Iraque. De novo em pé de guerra

Iraque. De novo em pé de guerra


As forças iraquianas tomaram Kirkuk aos curdos sem dificuldade. Agora que o Estado Islâmico sai de cena, as feridas antigas voltam à tona.


Ainda não terminou uma guerra e logo aparece aos iraquianos o fantasma de outra. O governo central tomou esta segunda-feira o controlo de Kirkuk pela força, agravando a disputa com os independentistas curdos e avançando um passo na direção de um conflito aberto com a quarta etnia do Médio Oriente.

Em poucas horas, numa jogada que começou de madrugada e foi em partes iguais arriscada, ambiciosa e bem-sucedida, as forças de elite iraquianas tomaram postos nos arredores da cidade, conquistando as instalações de gás e petróleo, postos de controlo e o aeroporto militar.

Avançaram depois para o centro da cidade, que tomaram quase sem oposição ao final da tarde, esmagando imagens dos líderes curdos que há três anos dominam a cidade. Morreram esta segunda dez peshmergas curdos, de acordo com a AFP. Dezenas de milhares de habitantes, no entanto, fugiam ainda ao início da noite para o norte.

A operação iraquiana foi uma surpresa, mas foi também o culminar de semanas de tensão que arrancaram com o referendo à independência do Curdistão iraquiano, realizado a 25 de setembro contra as ordens dos tribunais de Bagdade, as ameaças do seu governo e as críticas dos parceiros.

O voto, o primeiro para os curdos, foi mais do que nítido: 92,7% da população votou pela independência num referendo em que quase 73% dos eleitores foram às urnas.

Independência acossada

O governo regional de Masoud Barzani declarou que a fratura com o Iraque não ocorreria da noite para o dia e que o voto inaugurava um período de negociações. Bagdade recusou e ordenou o regresso de Kirkuk às suas mãos.

A cidade, de maioria curda mas com grandes populações turcomenas e árabes, votou também no referendo, aprovou a independência, mas está fora das linhas do governo autónomo criadas na Constituição de 2005.

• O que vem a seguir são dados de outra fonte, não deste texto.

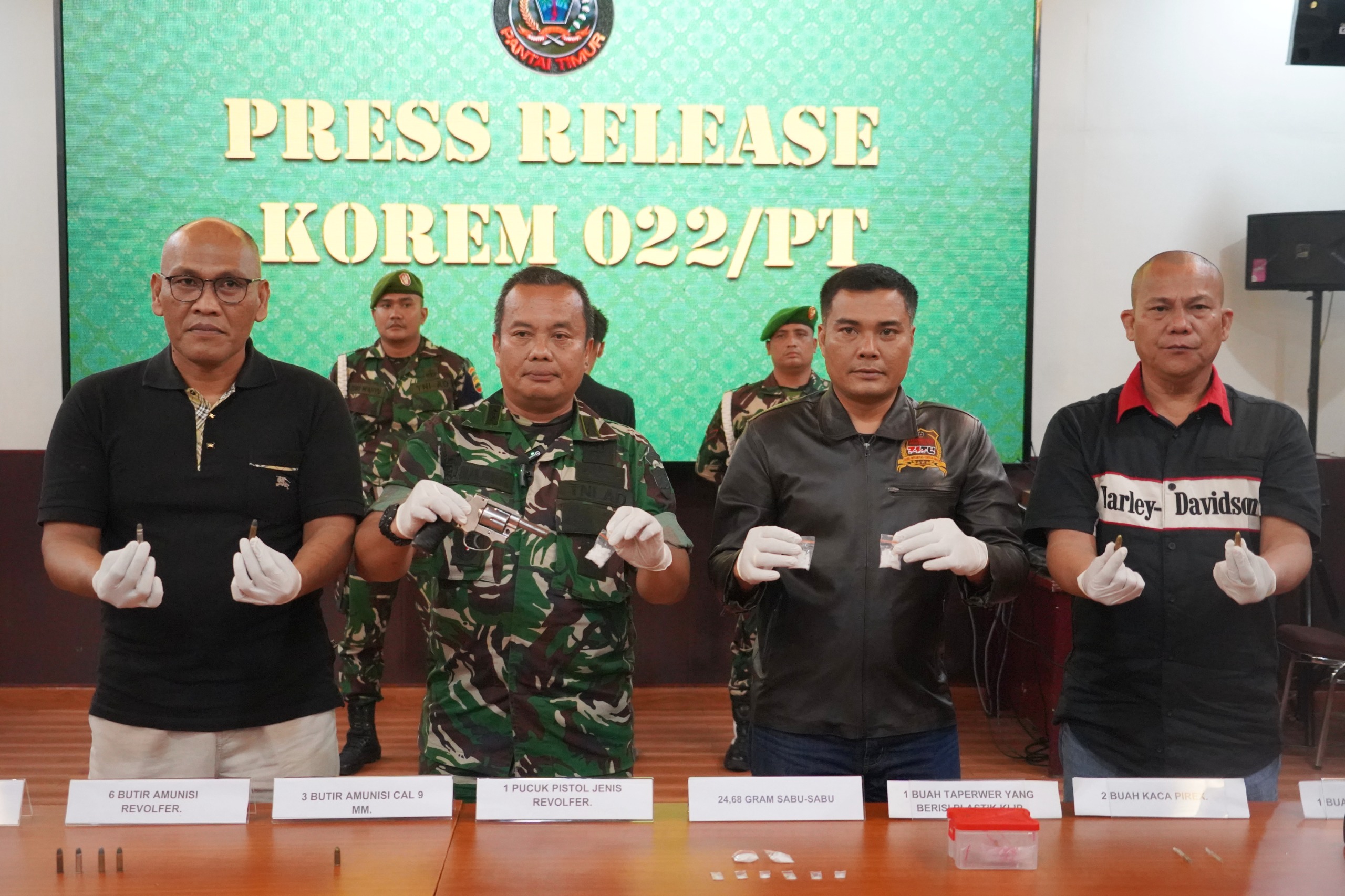 Dari penangkapan tersebut, petugas berhasil mengamankan sejumlah barang bukti, antara lain: 1 pucuk pistol revolver, 3 butir peluru kaliber 9 mm, 6 butir amunisi revolver, narkotika jenis sabu-sabu seberat 22,68 gram, uang tunai sebesar Rp 2.170.000, 1 unit HP merk Realme, 1 buah tas pinggang, 2 buah kaca pirex, 2 buah pipet, serta 1 buah tapperwer berisi plastik klip.

Não é certo que a operação desta segunda-feira seja o início de uma ação militar mais vasta contra os territórios autónomos. Até agora, Bagdade exigiu apenas o controlo da cidade petrolífera, uma das mais prósperas no país, ocupada em 2014 no combate ao Estado Islâmico – quando as forças iraquianas bateram em retirada – e de onde o governo de Barzani vem retirando quase metade das suas receitas.

De acordo com o comando americano, os combates desta segunda deram-se apenas de madrugada e por erro.

Guerra fratricida

Por enquanto, a guerra parece mais provável entre os próprios curdos. O avanço fácil das tropas iraquianas parece ter-se dado porque os combatentes leais à oposição, do PUK, negociaram nos últimos dias com Bagdade, deixando vulneráveis os peshmergas do partido no poder, o KDP.

“Lamentamos que os responsáveis do PUK tenham participado neste golpe”, afirmava esta segunda-feira o controlo curdo de Erbil, a capital do governo autónomo para onde ontem fugiam os curdos de Kirkuk – os turcomenos e árabes, por sua vez, celebravam nas ruas.

“Decidimos sair porque temos medo dos confrontos”, contava Chunem Qader à AFP. “Vivemos em paz, mas os políticos de Bagdade e Erbil enfrentam-se em nome do petróleo e quem sofre somos nós.”